=== Data to use ===
────────────────
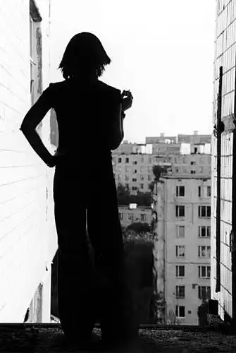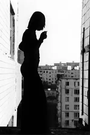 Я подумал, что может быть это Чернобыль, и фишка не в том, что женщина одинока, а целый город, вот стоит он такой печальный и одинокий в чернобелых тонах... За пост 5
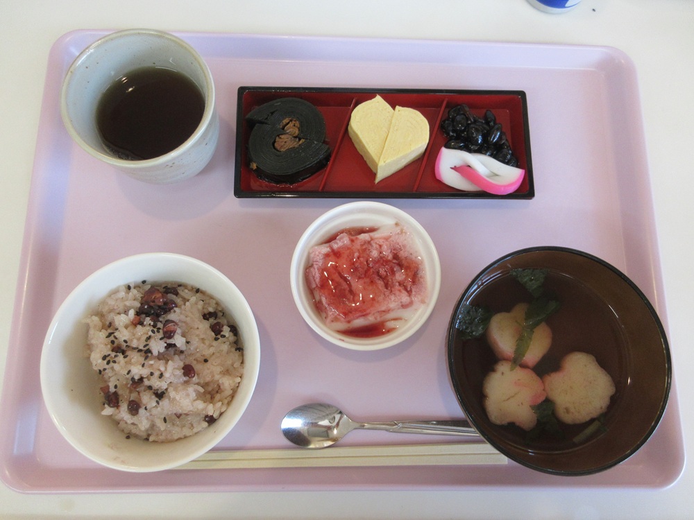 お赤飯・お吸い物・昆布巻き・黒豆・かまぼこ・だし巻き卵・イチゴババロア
────────────────
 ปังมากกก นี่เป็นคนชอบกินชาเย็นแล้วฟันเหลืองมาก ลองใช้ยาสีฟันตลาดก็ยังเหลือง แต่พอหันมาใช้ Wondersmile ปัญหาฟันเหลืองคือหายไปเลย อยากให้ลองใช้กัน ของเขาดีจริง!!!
────────────────
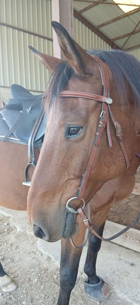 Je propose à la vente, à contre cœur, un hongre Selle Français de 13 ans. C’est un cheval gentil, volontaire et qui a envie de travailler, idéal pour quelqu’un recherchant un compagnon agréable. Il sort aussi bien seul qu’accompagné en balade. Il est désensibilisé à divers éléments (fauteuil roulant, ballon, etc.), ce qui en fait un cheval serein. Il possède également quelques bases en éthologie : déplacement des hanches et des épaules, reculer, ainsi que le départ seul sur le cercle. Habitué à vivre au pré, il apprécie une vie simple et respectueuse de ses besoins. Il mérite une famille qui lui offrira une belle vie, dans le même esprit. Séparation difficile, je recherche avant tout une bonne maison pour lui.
────────────────
Set down, exactly as written above, each line from the one with "Я подумал, что" through the one with "お赤飯・お吸い物・昆布巻き・黒豆・かまぼこ・だし巻き卵・イチゴババロア", and skip the pictures.

=== Answer area ===
 Я подумал, что может быть это Чернобыль, и фишка не в том, что женщина одинока, а целый город, вот стоит он такой печальный и одинокий в чернобелых тонах... За пост 5
 お赤飯・お吸い物・昆布巻き・黒豆・かまぼこ・だし巻き卵・イチゴババロア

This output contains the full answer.